## EXERCISE REQUIREMENTS:
Pictures excluded, please transcribe exactly the lines from the one with "Играет на Counter" through the end of the records below, and nothing more.

## INPUT DATA:
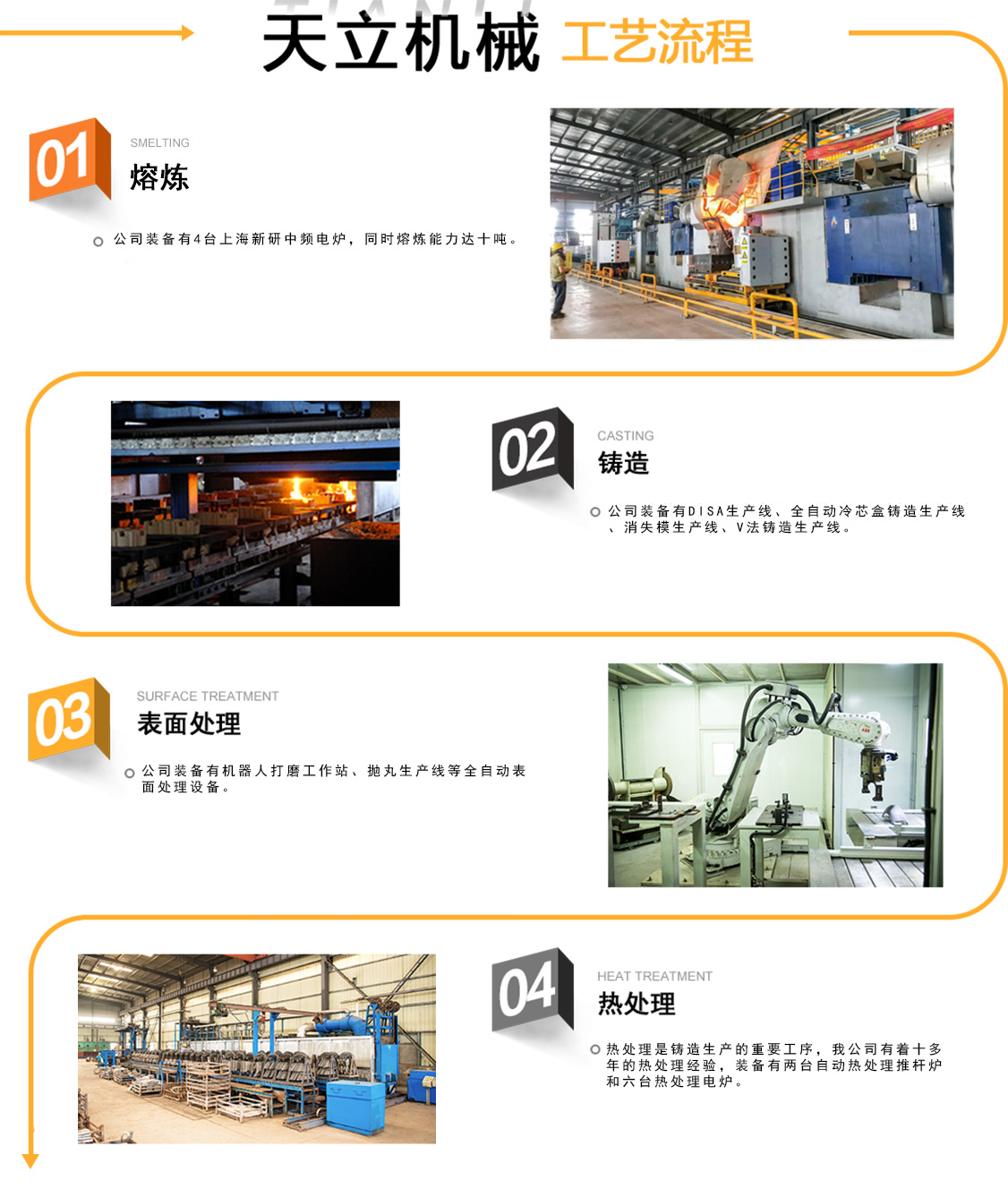 • 截止目前,公司已獲授權(quán)發(fā)明專(zhuān)利11項(xiàng)和實(shí)用新型專(zhuān)利32項(xiàng),《抗磨白口鑄鐵件》、《耐磨耐蝕鋼鑄件》等七項(xiàng)國(guó)家標(biāo)準(zhǔn)和兩項(xiàng)行業(yè)標(biāo)準(zhǔn)的主要起草單位,?在生產(chǎn)高鉻耐磨鑄件方面具有很強(qiáng)的技術(shù)優(yōu)勢(shì)和豐富的生產(chǎn)經(jīng)驗(yàn)
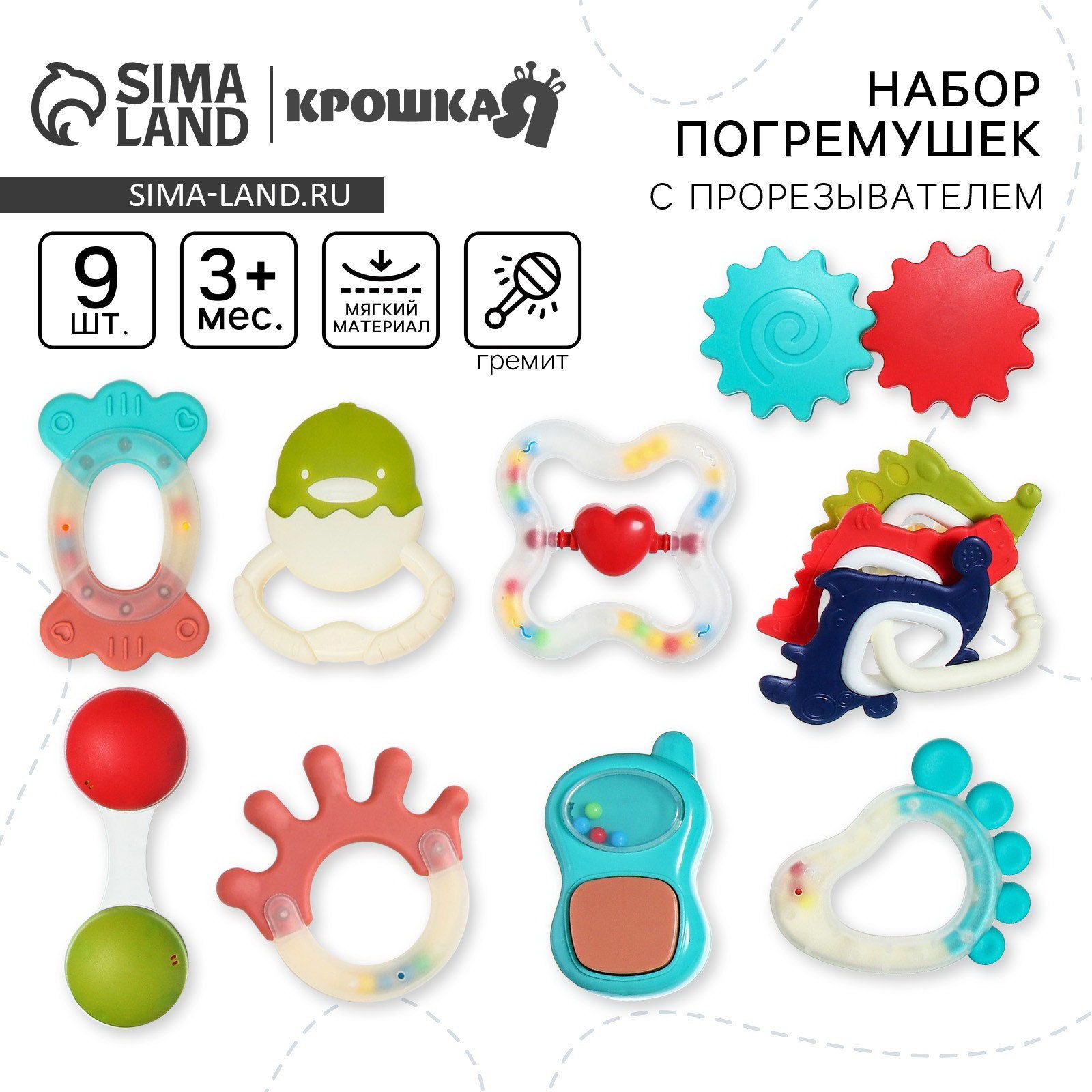 Развивающие элементы: Звуковые эффекты, Прорезыватель Особенности: Звуковые эффекты, Развивающая Дополнительные функции: Звуковые эффекты, Развивающая Длина, см: 9, 12.5 Ширина, см: 4.5, 6 Глубина, см: 1, 3.5 Размер упаковки: 11 x 28 x 6 см. Цвет: Разноцветный Для кого: Унисекс Русская упаковка: Да tnved: 9503007000 Возраст: От 3 месяцев Набор: Да Погремушки - это не просто игрушки, это ключевой элемент в развитии малыша. Они помогают развивать мелкую моторику, зрительное и слуховое восприятие и улучшают координацию движений. В нашем наборе вы найдете разнообразные погремушки с силиконовыми прорезывателями, которые помогут малышу справляться с режущимися зубками. Мягкий силикон без острых углов обеспечивает безопасность и комфорт для ребенка. Особенность наших погремушек - это тихий и нежный звук, который не раздражает ушки малыша, а наоборот, успокаивает и развлекает. Легкий вес игрушек и удобная форма делают их идеальными для детских ручек. Дарите своему малышу игрушку, которая не только привлекает его внимание, но и способствует его развитию | ||
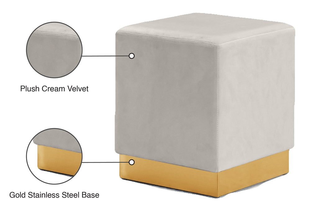 Get back to basics with a contemporary twist when you add the handsome Jax Ottoman/Stool to the mix. The velvet upholstery is nothing short of stunning and covers every inch of the ottoman with the exception of the contrasting stainless steel base. Your choice of fashionable colors makes it easy to pair this stool with your existing seating group in the living room or den or add a splash of excitement to a bedroom or dressing area.
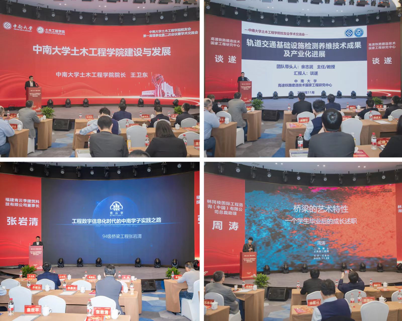 学术交流环节由学院副院长雷明锋主持。王卫东做了题为《beat365英国官方网站建设与发展》的报告,讲述了中南土木学科孕育渊源,艰苦创业,乘势而为、稳步推进的成长历程,多角度全方位体现了beat365英国官方网站在人才培养与科技创新方面的成就。学院教师谈遂做了题为《轨道交通基础设施检测养维技术成果及产业化进展》的报告,简明清晰地向大家介绍了beat365官网在智能监检测、评定与养维的基础理论、共性技术、关键装备方面取得的成就。福建青云季建筑科技有限公司董事长、1994级桥梁工程校友张岩清做了题为《工程数字信息化时代的中南学子实践之路》的报告,以自身成长经历为切入点,强调了数字化建模领域与新时代工程产业的紧密联系。林同棪国际工程咨询(中国)有限公司总裁助理2000级土木工程专业校友周涛做了《桥梁的艺术特性——一个土木学生毕业后的成长感悟》主题报告,将理性的工科与感性的艺术相结合,生动具体地描绘了一名桥梁工程师眼中的土木之美。
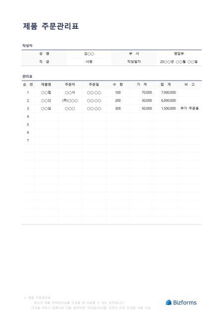 제품주문관리표입니다. 제품을 주문한 관리표를 작성할 때 사용할 수 있는 문서입니다.
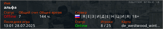 Играет на Counter Strike 1.6 сервере. Страна: РоссияПервый раз замечен 23:42 24.03.2025
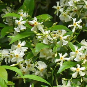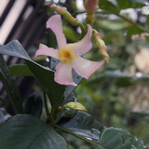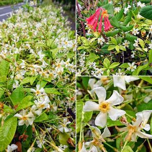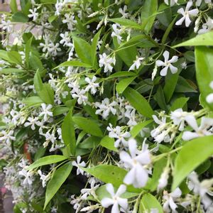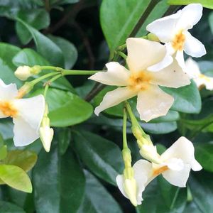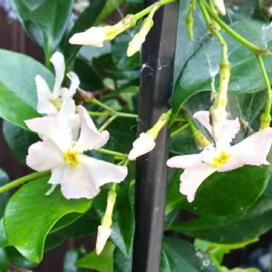 スタージャスミンも咲いています☺️ 強すぎず程よい良い香りで私は好みです🎶 うちの敷地の鉢に植わっていてお隣さんのフェンスに絡んでいるんです❣️お隣さんとはガーデニングお友達なので一緒に楽しんでいます🍀

## TASK RESULT:
 Играет на Counter Strike 1.6 сервере. Страна: РоссияПервый раз замечен 23:42 24.03.2025
 スタージャスミンも咲いています☺️ 強すぎず程よい良い香りで私は好みです🎶 うちの敷地の鉢に植わっていてお隣さんのフェンスに絡んでいるんです❣️お隣さんとはガーデニングお友達なので一緒に楽しんでいます🍀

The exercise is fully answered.